With Word / PowerPoint support:

pip install "docs2graph[docx,pptx]"

With OCR (images, scanned PDFs):

pip install "docs2graph[ocr]"
# Also requires: apt install tesseract-ocr  (Ubuntu/Debian)
#                brew install tesseract     (macOS)

Everything:

pip install "docs2graph[all]"

How it works

Document / File / Corpus
         │
         ▼
   Format loader ──► Text + structure
         │
         ▼
   Extractor ──► Nodes (entities, sections, claims, ...)
         │         └─► Edges (contains, references, defines, ...)
         ▼
   Knowledge graph (plain JSON)
         │
         ▼
   query → Personalized PageRank → Ranked subgraph
         │
         ▼
   Your LLM prompt
  1. Load — auto-detects format, handles encoding, extracts clean text and structure
  2. Extract — turns structure into typed graph nodes and labeled edges
  3. Rank — Personalized PageRank starting from query-matched nodes surfaces the most relevant subgraph
  4. Use — pass context["nodes"] + context["edges"] to any LLM

Graph types

knowledge — for research papers, reports, documentation

Extracts: documents, sections, concepts, definitions, claims, evidence, tables, citations, references, URLs

docs2graph paper.md --graph knowledge --output paper.graph.json
g = DocumentGraph.from_document("paper.md", graph_type="knowledge")
context = g.rank("graph-based context ranking", k=15)
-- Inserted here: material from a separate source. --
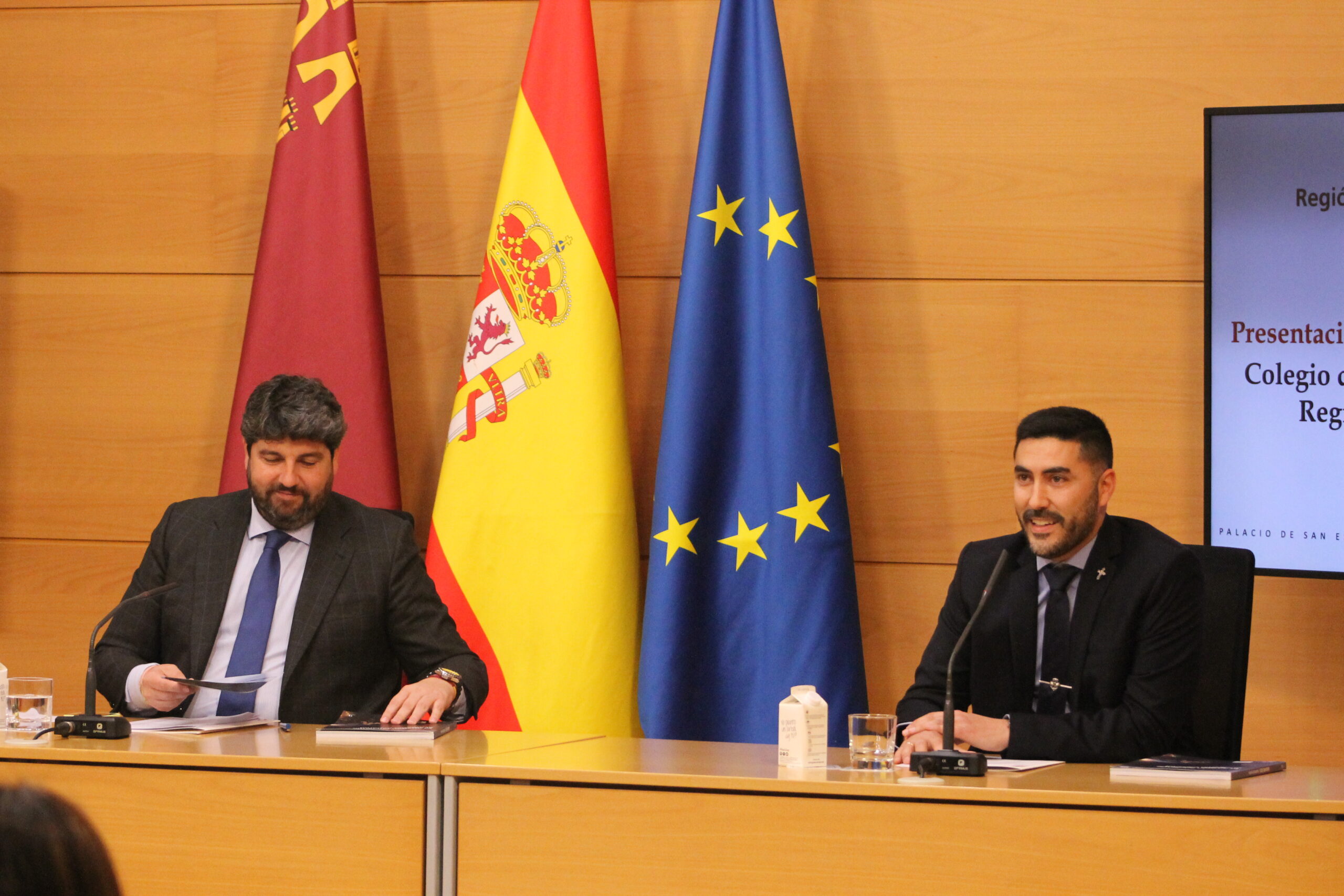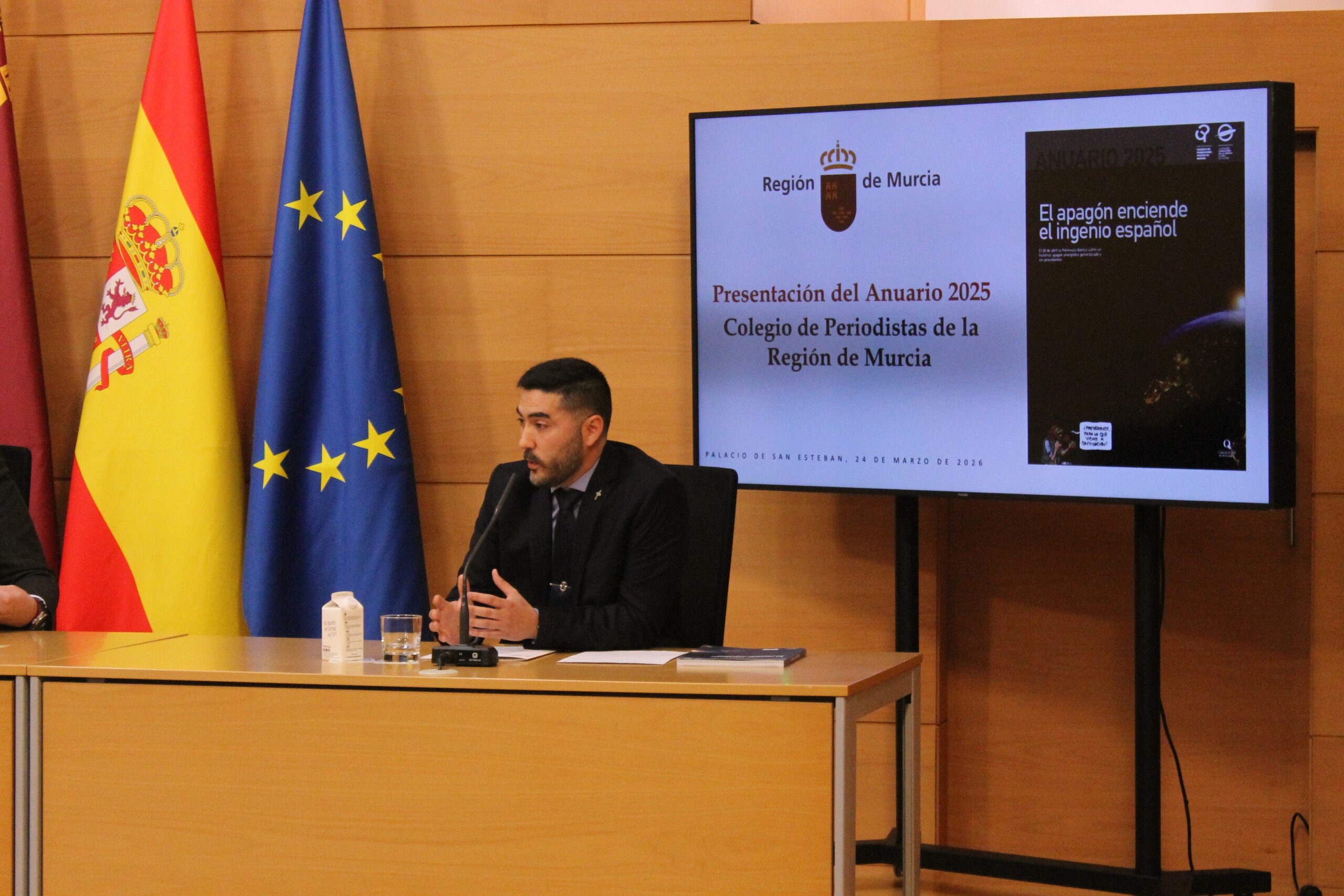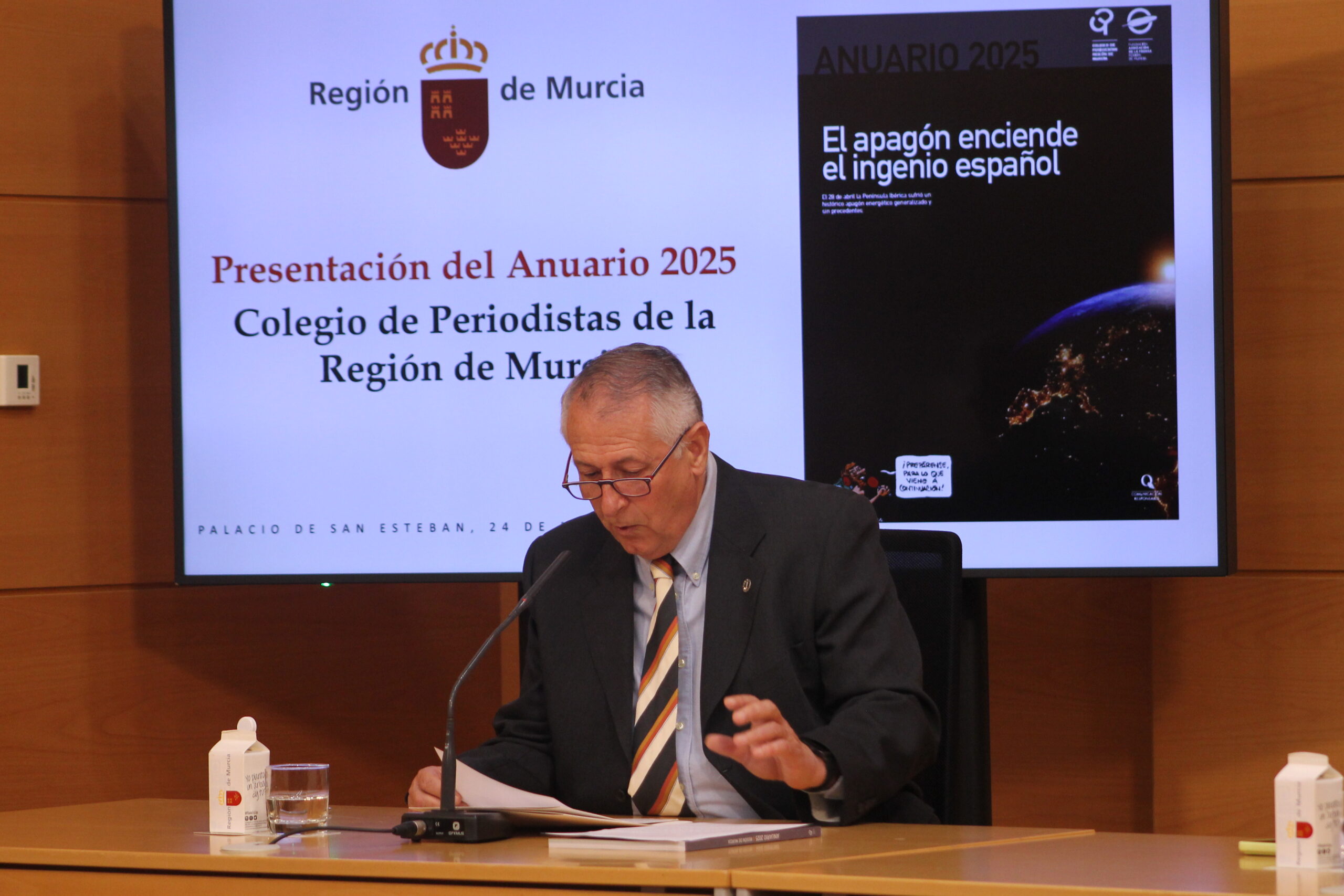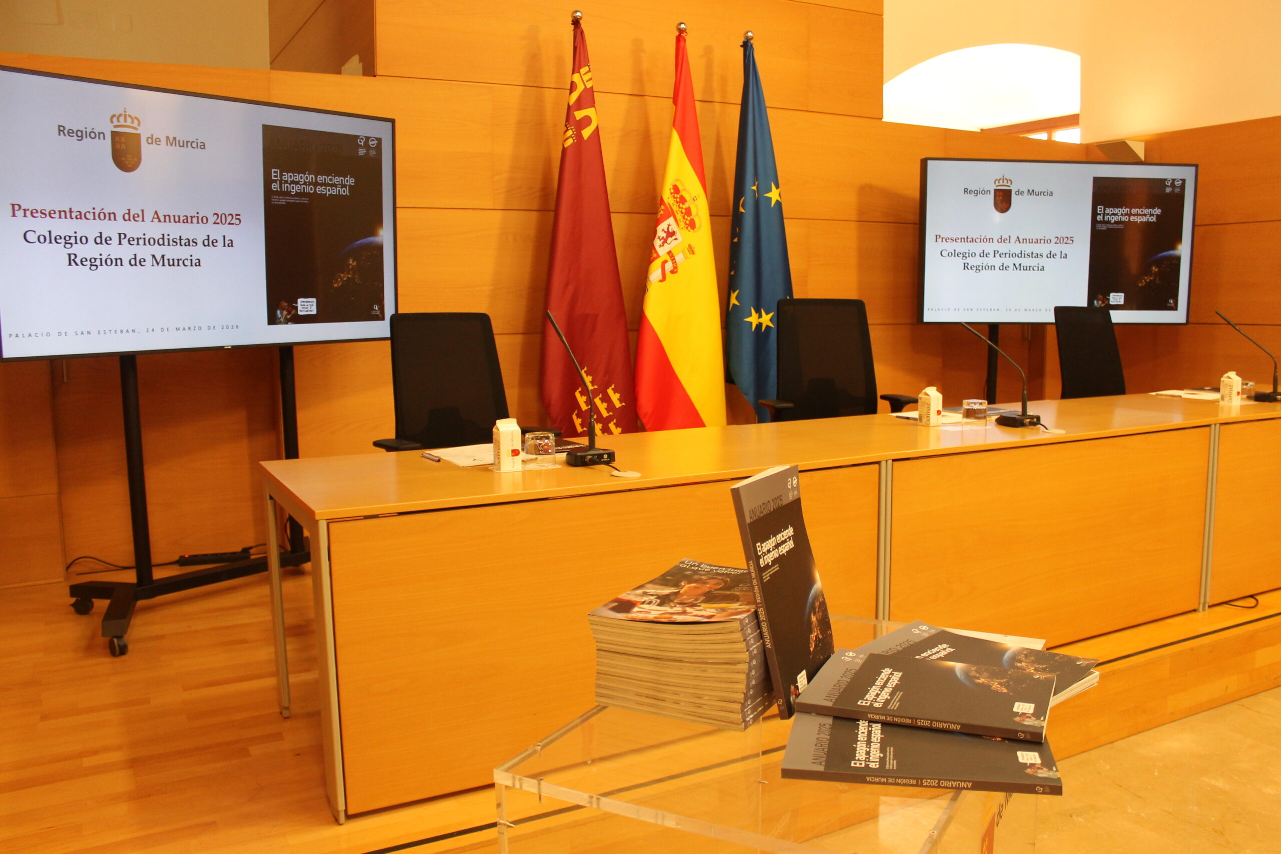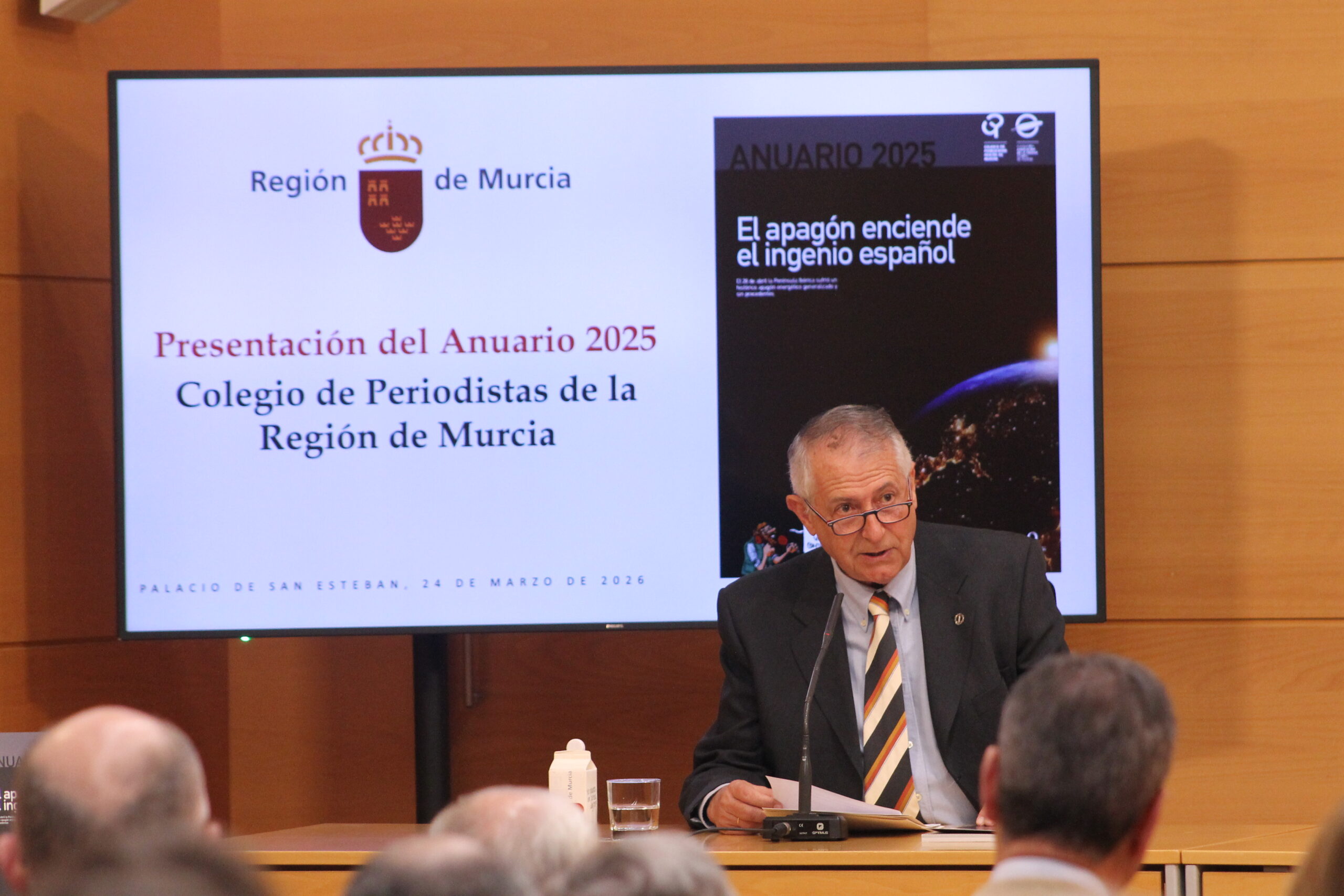El Colegio Oficial de Periodistas ha presentado este martes el Anuario de la Región de Murcia 2025 en el Palacio de San Esteban, bajo la presidencia de Fernando López Miras, presidente de la Comunidad Autónoma de la Región de Murcia (CARM), y con la asistencia de diversas autoridades locales y regionales. Además del presidente del ejecutivo murciano, en la presentación han intervenido el decano del Colegio de Periodistas, Miguel Massotti Manzanares, y el director del Anuario, Ángel Blasco Lozano.

Relationships: contains, references, defines, defined_by, supports, cites, resolves_to, links_to

Inline citations ([1], (Smith, 2024)) are resolved to matching # References entries. Claim-to-evidence support links are deterministic and conservative — only same-section evidence or evidence sharing meaningful terms with the claim.

decision — for ADRs and architecture documents

Extracts: problems, context/drivers, options, pros, cons, tradeoffs, decisions, consequences, confidence

docs2graph architecture.md --graph decision --output decisions.graph.json
decisions = DocumentGraph.from_document("adr.md", graph_type="decision")

Recognizes ADR-style headings (## Decision, ## Options, ## Consequences), standalone prefixed lines (Constraint:, Assumption:, Rationale:), and Markdown option tables. Context bullets link to decisions with informed_by edges so the reasoning trail is traversable.

schema — for data dictionaries and schema docs

Extracts table and entity graphs from schema documentation for text-to-SQL context.

media — for images and charts

Extracts image metadata, OCR text, and chart signal nodes.

all — merged graph from all extractors

docs2graph ./docs --graph all --output corpus.graph.json

Multi-document corpora

Directory input is first-class. doc2graph walks supported formats, emits a corpus root with folder/file provenance nodes, resolves explicit relative links ([ADR](adr/cache.md)) into links_to edges, and adds deterministic cross-document mentions edges when one file explicitly names another's title, section, decision, or path-derived stem.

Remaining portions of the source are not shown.